Where a picture occurs in the data, omit it, and copy all remaining data exactly.
===== Source data
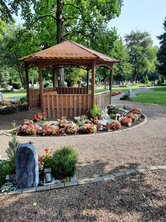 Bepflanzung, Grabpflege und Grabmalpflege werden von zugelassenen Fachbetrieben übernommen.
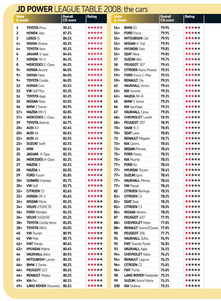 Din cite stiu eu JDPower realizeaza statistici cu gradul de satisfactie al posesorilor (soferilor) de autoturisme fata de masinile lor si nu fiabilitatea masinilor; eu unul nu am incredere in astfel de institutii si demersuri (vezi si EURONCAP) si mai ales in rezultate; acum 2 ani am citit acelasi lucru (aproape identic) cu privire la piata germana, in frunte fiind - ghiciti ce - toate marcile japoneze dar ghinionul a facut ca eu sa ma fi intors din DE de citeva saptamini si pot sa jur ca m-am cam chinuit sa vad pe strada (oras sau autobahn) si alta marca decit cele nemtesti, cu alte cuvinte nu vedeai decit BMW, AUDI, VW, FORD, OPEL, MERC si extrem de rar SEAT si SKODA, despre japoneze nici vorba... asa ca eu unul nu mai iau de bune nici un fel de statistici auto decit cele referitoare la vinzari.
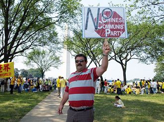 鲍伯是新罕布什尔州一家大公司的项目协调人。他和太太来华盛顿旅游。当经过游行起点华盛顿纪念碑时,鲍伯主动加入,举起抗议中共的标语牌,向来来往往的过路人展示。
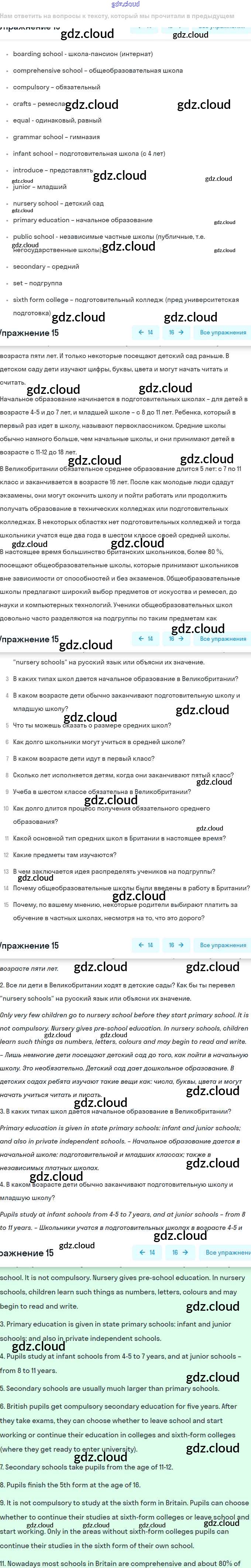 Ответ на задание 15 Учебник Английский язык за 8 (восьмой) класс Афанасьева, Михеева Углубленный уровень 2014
==========
_Response area_:
 Bepflanzung, Grabpflege und Grabmalpflege werden von zugelassenen Fachbetrieben übernommen.
 Din cite stiu eu JDPower realizeaza statistici cu gradul de satisfactie al posesorilor (soferilor) de autoturisme fata de masinile lor si nu fiabilitatea masinilor; eu unul nu am incredere in astfel de institutii si demersuri (vezi si EURONCAP) si mai ales in rezultate; acum 2 ani am citit acelasi lucru (aproape identic) cu privire la piata germana, in frunte fiind - ghiciti ce - toate marcile japoneze dar ghinionul a facut ca eu sa ma fi intors din DE de citeva saptamini si pot sa jur ca m-am cam chinuit sa vad pe strada (oras sau autobahn) si alta marca decit cele nemtesti, cu alte cuvinte nu vedeai decit BMW, AUDI, VW, FORD, OPEL, MERC si extrem de rar SEAT si SKODA, despre japoneze nici vorba... asa ca eu unul nu mai iau de bune nici un fel de statistici auto decit cele referitoare la vinzari.
 鲍伯是新罕布什尔州一家大公司的项目协调人。他和太太来华盛顿旅游。当经过游行起点华盛顿纪念碑时,鲍伯主动加入,举起抗议中共的标语牌,向来来往往的过路人展示。
 Ответ на задание 15 Учебник Английский язык за 8 (восьмой) класс Афанасьева, Михеева Углубленный уровень 2014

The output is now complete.